Mr Zelensky was adept in portraying the Russian leader’s non-attendance as “disrespect for Trump”. There is evidence of some frustration with Moscow in Washington. JD Vance, the US vice-president, insists that Russia was “asking for too much” and Mr Trump has expressed his displeasure towards Russian belligerence in angry sentiments and undertones. Lindsey Graham, a key Trump ally, says he has sufficient senatorial support to pass “devastating” new sanctions. But while he described his bill as part of the president’s arsenal, it is unlikely that Mr Trump will unleash it. That said, Putin will need to ensure he does not overplay his hand, given Mr Trump’s unpredictability. Putin may think spinning out the conflict is currently in Russia’s interests, but the war is far from cost-free for his country.

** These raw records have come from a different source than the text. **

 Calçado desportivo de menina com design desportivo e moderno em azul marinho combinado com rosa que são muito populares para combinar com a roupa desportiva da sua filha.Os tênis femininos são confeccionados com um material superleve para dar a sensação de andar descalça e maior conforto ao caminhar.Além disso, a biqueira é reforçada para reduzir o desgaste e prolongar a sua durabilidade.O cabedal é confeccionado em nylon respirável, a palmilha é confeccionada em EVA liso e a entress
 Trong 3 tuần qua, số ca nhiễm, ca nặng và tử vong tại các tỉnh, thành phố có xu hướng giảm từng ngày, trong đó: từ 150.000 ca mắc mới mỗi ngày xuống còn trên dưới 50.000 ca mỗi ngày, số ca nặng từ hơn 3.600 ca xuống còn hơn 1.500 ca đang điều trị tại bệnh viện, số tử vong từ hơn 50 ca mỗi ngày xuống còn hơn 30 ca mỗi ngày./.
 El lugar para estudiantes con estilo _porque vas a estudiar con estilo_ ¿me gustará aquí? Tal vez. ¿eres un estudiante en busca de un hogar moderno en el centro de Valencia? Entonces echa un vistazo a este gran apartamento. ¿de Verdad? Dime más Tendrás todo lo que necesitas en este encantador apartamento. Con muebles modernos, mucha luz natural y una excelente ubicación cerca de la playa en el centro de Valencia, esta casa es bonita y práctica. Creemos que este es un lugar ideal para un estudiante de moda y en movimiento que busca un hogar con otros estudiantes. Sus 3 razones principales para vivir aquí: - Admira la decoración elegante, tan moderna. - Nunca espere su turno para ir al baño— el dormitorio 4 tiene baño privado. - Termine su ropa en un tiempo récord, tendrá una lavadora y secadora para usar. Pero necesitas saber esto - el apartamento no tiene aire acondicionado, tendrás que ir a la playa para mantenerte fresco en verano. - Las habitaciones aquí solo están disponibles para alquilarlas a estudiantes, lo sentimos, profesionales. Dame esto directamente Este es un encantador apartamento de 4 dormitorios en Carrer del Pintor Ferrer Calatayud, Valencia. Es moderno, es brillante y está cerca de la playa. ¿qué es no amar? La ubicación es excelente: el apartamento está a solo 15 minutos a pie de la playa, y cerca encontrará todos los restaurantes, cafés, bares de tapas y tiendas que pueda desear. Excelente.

The recent narrative twists have revealed much greater coordination and resolve on Europe’s part. That is encouraging. Germany, for instance, has announced that it would hit Mr Trump’s demand for defence spending to reach 5% of GDP by 2032, albeit by including related infrastructure. However, US arms will run out long before Europe is fully ready to step into the breach. The key question surely remains not whether the US president can be coaxed and flattered into being more helpful, but whether he can be dissuaded from becoming actively obstructive – cutting off intelligence or Starlink, or preventing Europe from requisitioning arms for Ukraine. Seen that way, Mr Trump’s observation that “nothing’s going to happen” until he meets Putin sounds even more chilling. Meanwhile, away from the diplomatic front, the Russian attacks have continued in ferocity and intensity: further evidence of the urgent need for a ceasefire.